Author(s): Enrique Utrilla
The on-ground processing of the wealth of data produced by the Gaia spacecraft is complex and produces a number of complementary data products, that can be used by other members of the DPAC in later processing cycles to further refine their own data. This means that some of the data produced by different teams and at different times during the complete operational period of the mission must be integrated to create comprehensive reference libraries added into the Main Data Base (MDB) so that they are available to all DPAC groups that may need them. This process is described in Section 13.2.1.
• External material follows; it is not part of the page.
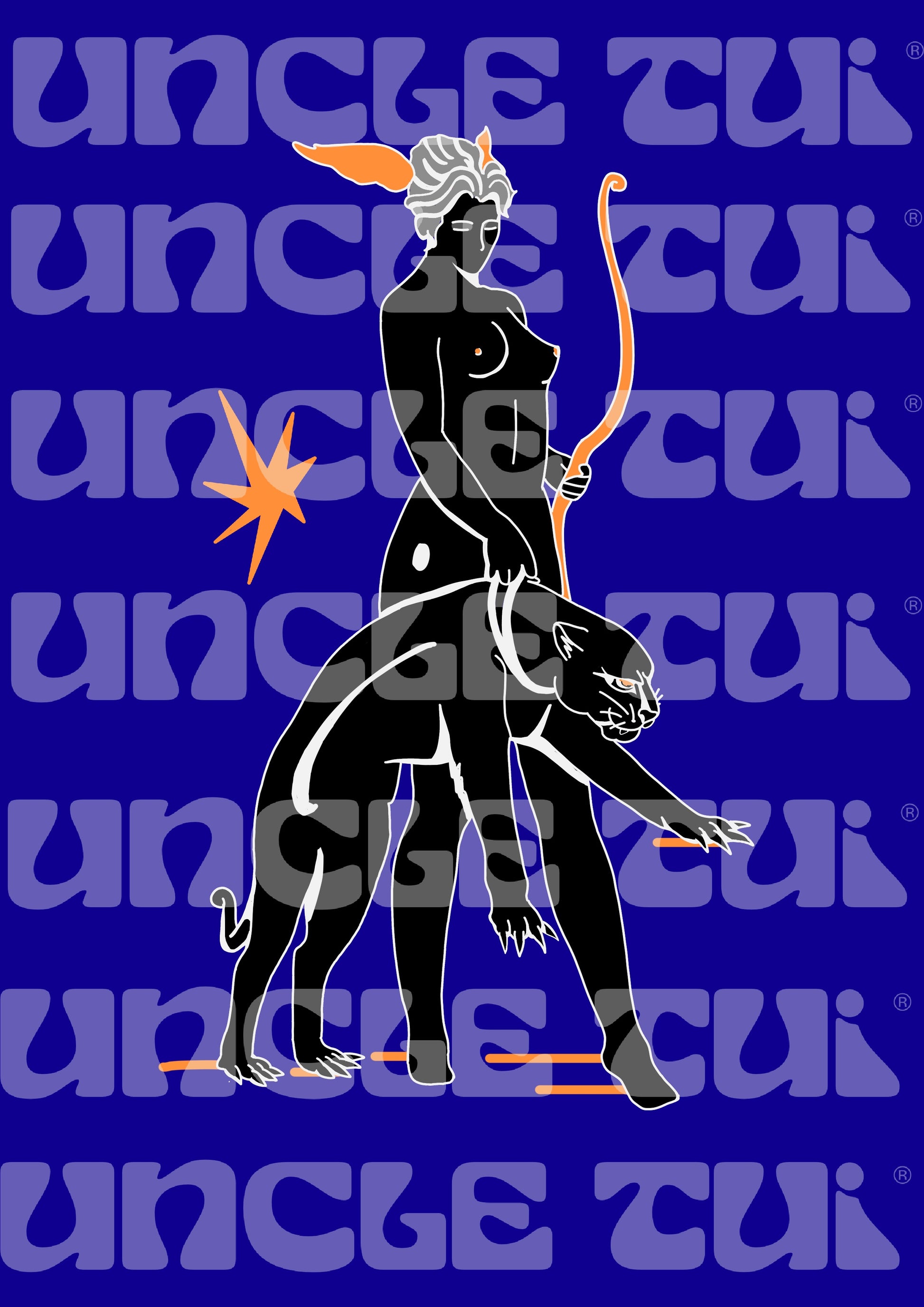 Elevate any space with "Huntress & Panther: Midnight Power," a bold, minimalist print fusing mythic strength and untamed artistry. Set against a deep cobalt blue, this piece features a striking huntress and her panther companion defined by radiant orange accents—embodying power, mystique, and liberated sensuality. Ideal for those who appreciate commanding imagery and contemporary mythic themes.

These integrated records and other MDB data products are the foundations of the data published in the Gaia Catalogue. Nevertheless they contain data in different stages of maturity and quality, and in a format which is convenient for the internal DPAC processing, but not suitable for storage in a database to support queries from the scientific community. As an intermediate step to prepare for the publication, these data are filtered to remove as much as possible data not meeting some minimum quality criteria, and converted to a format more convenient for presentation. These consolidated data are ingested in a DPAC-internal instance of the Gaia Archive database and subject to a process of scientific validation in order to detect potential conversion errors, consistency issues, and problems in the data themselves. This process is described in Section 13.2.3.
This cycle of conversion-ingestion-validation is repeated a number of times as new data becomes available in order to refine both the conversion software and the quality filters themselves. In parallel, some additional support datasets are computed, such as crossmatches between the sources in the new Gaia data and selected external catalogues.
The last steps of the publication process are the removal of some specific fields used internally for validation, the ingestion of these final data in the operational, publicly accessible Gaia Archive database, and the generation of a set of ECSV files which is made available for the direct bulk download of the whole catalogue.